According to Zhong Yuan, the Chinese Communist Party’s series of high-profile actions are apparently tough, but they only want to raise the price, while Biden’s “strategic patience” is tantamount to putting up a war-free card, neither responding to war nor eager to negotiate peace. While such a gesture may give Biden room to maneuver, it may drive the CCP top brass to extremes.

Then-President Barack Obama and Vice President Joe Biden welcome Xi Jinping during his visit to the U.S. capital in Washington, D.C., in September 2015.

U.S.-China game too long to be too good in the short term

On the day of Xi’s call, White House spokeswoman Jen Psaki responded that Biden would be “patient” with U.S.-China relations, that a more defensive approach was needed to protect U.S. technology, and that he would work with allies to stop the Chinese Communist Party’s economic abuses on many fronts.

Linda Thomas-Greenfield, the Biden administration’s nominee for ambassador to the United Nations, also said publicly on 27 May that the Chinese Communist Party is a strategic adversary of the United States, a challenge to U.S. Security, values and way of Life, and a threat to its neighbors and the world.

In his nomination hearing, new Secretary of State John Blinken also said that former President Trump was right to take a tough stance against the Chinese Communist Party and agreed with Pompeo‘s decision to find the Chinese Communist Party guilty of “genocide” in Xinjiang.

U.S. Defense Secretary Lloyd Austin has also said that the Chinese Communist Party is the biggest challenge to the United States and will focus its strategy on Asia, especially the Chinese Communist Party.

Radio Free Asia cited the analysis of Ye Yaoyuan, chair of the Department of International Studies and Contemporary Languages at the University of St.

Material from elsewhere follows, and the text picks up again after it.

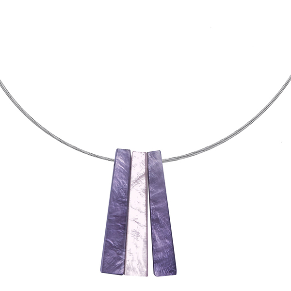 Schöne zweifarbige Halskette mit stabförmigen Anhängern aus der Capizmuschel - ein Hingucker am Hals.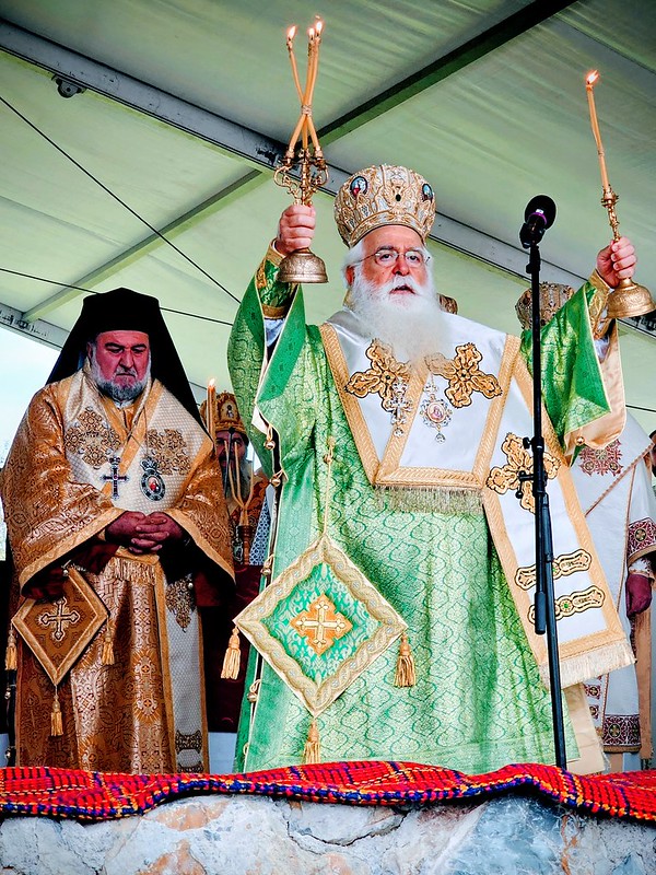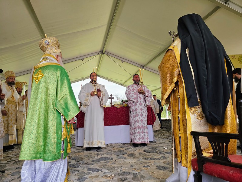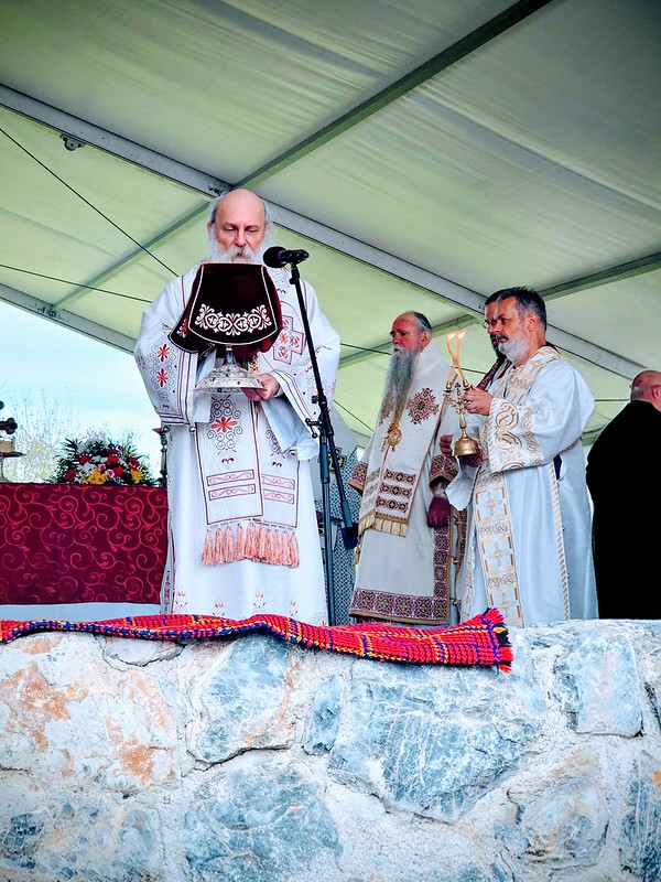 Της υπαίθριας Θείας Λειτουργίας προέστη ο Σεβ. Αρχιεπίσκοπος Ανθηδώνος κ. Νεκτάριος εκ του Πατριαρχείου Ιεροσολύμων, με τη συμμετοχή του Σεβ. Αρχιεπισκόπου Τσετίνιε και Μητροπολίτη Μαυροβουνίου και Παραθαλασσίας κ. Ιωαννικίου, του Σεβ. Μητροπολίτη Δημητριάδος και Αλμυρού κ. Ιγνατίου εκ της Εκκλησίας της Ελλάδος, του Σεβ. Μητροπολίτη Μιχαλουπόλεως και Κόσιτσε κ. Γεωργίου εκ της Εκκλησίας Τσεχίας και Σλοβακίας, του Ποιμενάρχη, Πανιερ. Επισκόπου Πάκρατς και Σλαβονίας κ. Ιωάννου, του Σεβ. Μητροπολίτη Βουδίμλιε και Νίκσιτς κ. Μεθοδίου, του Πανιερ. Επισκόπου Ελβετίας και Αυστρίας κ. Ανδρέου (Πατριαρχείου Σερβίας), του Επισκόπου Ουάσινγκτον, Νέας Υόρκης και Ανατολικής Αμερικής κ. Ειρηναίου, του Επισκόπου Λίπλιαν κ. Δοσιθέου, του Ηγουμένου της Μονής Χιλανδαρίου Αγίου Όρους, Αρχιμανδρίτη Μεθοδίου, του Ηγουμένου της Μονής Σοπότσανι, Αρχιμανδρίτη Θεοκτίστου, του Ηγουμένου της Μονής Ταξιαρχών Πριζρένης, Αρχιμανδρίτη Μιχαήλ και πολλών πατέρων.

Thomas, who said that Xi Jinping’s on-air shouting through the “Davos Forum” after Biden took power underscored Beijing‘s eagerness.

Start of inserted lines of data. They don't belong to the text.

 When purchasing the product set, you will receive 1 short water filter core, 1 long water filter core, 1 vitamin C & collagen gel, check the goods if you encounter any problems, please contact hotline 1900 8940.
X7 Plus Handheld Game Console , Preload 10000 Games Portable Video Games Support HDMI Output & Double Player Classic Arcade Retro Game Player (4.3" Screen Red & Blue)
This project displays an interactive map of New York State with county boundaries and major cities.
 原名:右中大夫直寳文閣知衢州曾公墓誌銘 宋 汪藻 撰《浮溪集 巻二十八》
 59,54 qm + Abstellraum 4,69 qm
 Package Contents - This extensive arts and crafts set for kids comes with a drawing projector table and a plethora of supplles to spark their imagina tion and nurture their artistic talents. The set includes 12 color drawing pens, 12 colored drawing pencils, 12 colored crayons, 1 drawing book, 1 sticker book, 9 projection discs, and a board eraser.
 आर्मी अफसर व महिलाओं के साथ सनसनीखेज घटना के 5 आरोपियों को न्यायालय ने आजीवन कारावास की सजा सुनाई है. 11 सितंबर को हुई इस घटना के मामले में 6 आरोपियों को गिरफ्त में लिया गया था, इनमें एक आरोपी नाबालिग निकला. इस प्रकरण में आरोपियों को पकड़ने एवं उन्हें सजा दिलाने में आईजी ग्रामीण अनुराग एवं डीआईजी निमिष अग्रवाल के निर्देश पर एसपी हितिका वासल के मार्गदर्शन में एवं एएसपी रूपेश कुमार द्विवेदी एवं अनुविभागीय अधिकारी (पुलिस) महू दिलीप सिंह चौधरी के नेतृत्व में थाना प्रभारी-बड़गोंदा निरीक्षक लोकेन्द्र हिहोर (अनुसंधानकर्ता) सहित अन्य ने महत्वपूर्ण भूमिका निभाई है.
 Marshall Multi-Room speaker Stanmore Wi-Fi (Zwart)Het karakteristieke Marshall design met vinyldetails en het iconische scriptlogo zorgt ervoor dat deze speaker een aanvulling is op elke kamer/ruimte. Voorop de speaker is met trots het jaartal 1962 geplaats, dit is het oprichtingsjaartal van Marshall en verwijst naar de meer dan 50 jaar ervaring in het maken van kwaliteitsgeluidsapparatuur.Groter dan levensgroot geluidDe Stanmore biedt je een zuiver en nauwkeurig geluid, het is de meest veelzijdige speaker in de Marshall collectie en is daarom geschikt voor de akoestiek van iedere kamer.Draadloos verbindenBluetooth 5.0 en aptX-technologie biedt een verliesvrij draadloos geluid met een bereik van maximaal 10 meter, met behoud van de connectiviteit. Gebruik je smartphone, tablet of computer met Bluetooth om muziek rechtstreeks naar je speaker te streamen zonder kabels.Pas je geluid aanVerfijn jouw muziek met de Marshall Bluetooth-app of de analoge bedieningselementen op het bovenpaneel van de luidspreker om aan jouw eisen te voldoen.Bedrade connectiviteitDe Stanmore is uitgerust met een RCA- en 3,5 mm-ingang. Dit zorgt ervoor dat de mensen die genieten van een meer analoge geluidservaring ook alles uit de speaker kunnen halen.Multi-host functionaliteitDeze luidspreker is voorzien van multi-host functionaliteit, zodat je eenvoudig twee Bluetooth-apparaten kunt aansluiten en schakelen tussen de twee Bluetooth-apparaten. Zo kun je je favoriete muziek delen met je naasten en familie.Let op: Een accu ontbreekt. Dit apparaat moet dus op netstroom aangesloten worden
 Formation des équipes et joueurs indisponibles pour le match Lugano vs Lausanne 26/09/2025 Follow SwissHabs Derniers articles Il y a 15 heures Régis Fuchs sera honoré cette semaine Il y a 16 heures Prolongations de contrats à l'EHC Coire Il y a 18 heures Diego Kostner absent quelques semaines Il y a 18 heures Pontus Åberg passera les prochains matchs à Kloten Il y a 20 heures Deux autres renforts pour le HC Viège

He believes that the U.S. sees the CCP as a strategic competitor that will not disappear anytime soon, and that Beijing can only shout now to create space, showing that the CCP has exhausted its tricks.

Ye Yaoyuan said that the CCP has always lived in its own stratosphere of internal and external propaganda, always treating outside criticism and suggestions as malicious prejudice, so the global “suspicion of China” atmosphere will not disappear in a short time.

Another scholar believes that the U.S.-China game has only just begun, and Beijing’s repeated statements may be a sign of anxiety, but both the U.S. and China are testing each other’s reality, and both sides have many sets of scripts.

It is worth noting that after Biden took office, he signed a series of executive orders, while overturning many executive orders of the Trump Administration, Biden signed a new executive order on the 26th, prohibiting the federal government from saying “China virus” (China virus).

Although the earliest outbreak of the Chinese Communist virus was in Wuhan, China, the Biden administration banned the use of the term “China virus,” arguing that it would constitute discrimination against Asian Americans.

In addition, before and after Biden’s visit to Taiwan, Chinese military aircraft harassed Taiwan’s airspace dozens of times in 25 days in a row, and announced an upcoming large-scale military exercise in the South China Sea. However, the Biden administration did not take any substantive counter-attack, but declared that it would adopt “strategic patience” in U.S.-China relations.

The outside world believes that Biden is verbally tough but extremely weak in dealing with the Chinese Communist Party, and it is worth watching whether the so-called “strategic patience” will evolve into a policy of “appeasement” in actual actions.